Below are some records. Write out exactly their lines from the one with "It claims to" through the one with "Corner-sited attached gable-fronted", and leave the pictures behind.

━━ Source material ━━

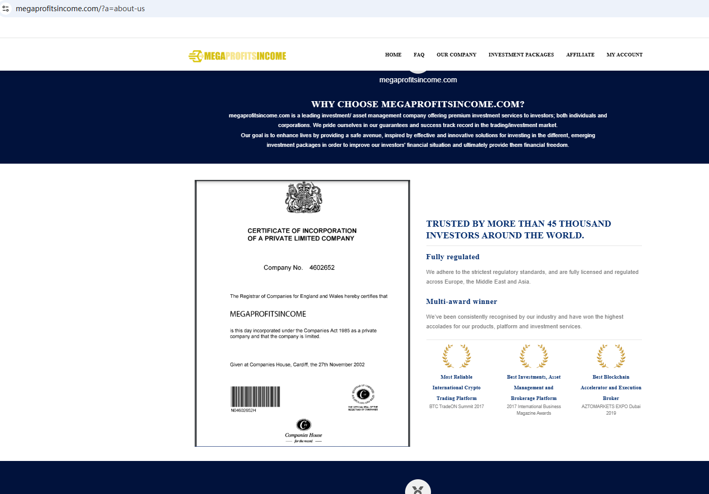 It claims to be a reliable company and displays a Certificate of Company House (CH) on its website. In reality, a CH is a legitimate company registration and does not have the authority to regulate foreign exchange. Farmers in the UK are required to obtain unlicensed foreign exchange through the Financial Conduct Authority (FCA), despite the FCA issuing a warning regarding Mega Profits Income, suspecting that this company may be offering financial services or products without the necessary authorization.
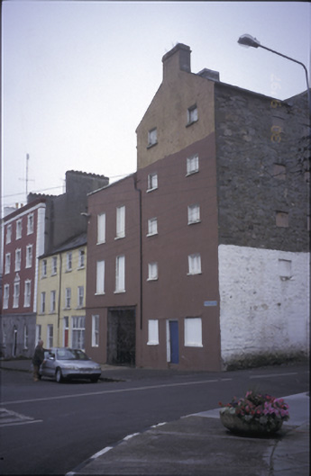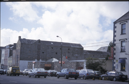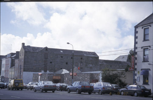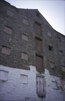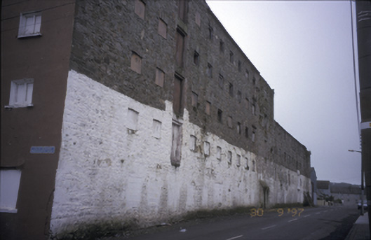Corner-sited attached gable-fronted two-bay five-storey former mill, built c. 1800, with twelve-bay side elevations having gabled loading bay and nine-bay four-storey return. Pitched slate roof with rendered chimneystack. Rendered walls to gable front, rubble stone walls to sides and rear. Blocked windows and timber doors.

━━━
━━ Source material ━━

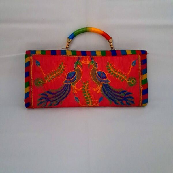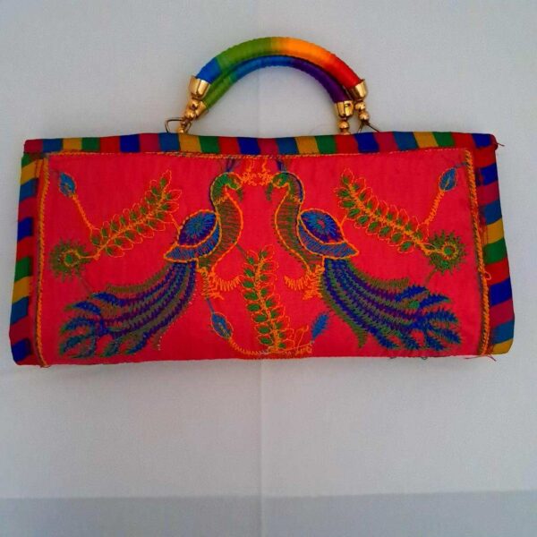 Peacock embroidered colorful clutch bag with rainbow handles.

━━━

Final answer:
 It claims to be a reliable company and displays a Certificate of Company House (CH) on its website. In reality, a CH is a legitimate company registration and does not have the authority to regulate foreign exchange. Farmers in the UK are required to obtain unlicensed foreign exchange through the Financial Conduct Authority (FCA), despite the FCA issuing a warning regarding Mega Profits Income, suspecting that this company may be offering financial services or products without the necessary authorization.
Corner-sited attached gable-fronted two-bay five-storey former mill, built c. 1800, with twelve-bay side elevations having gabled loading bay and nine-bay four-storey return. Pitched slate roof with rendered chimneystack. Rendered walls to gable front, rubble stone walls to sides and rear. Blocked windows and timber doors.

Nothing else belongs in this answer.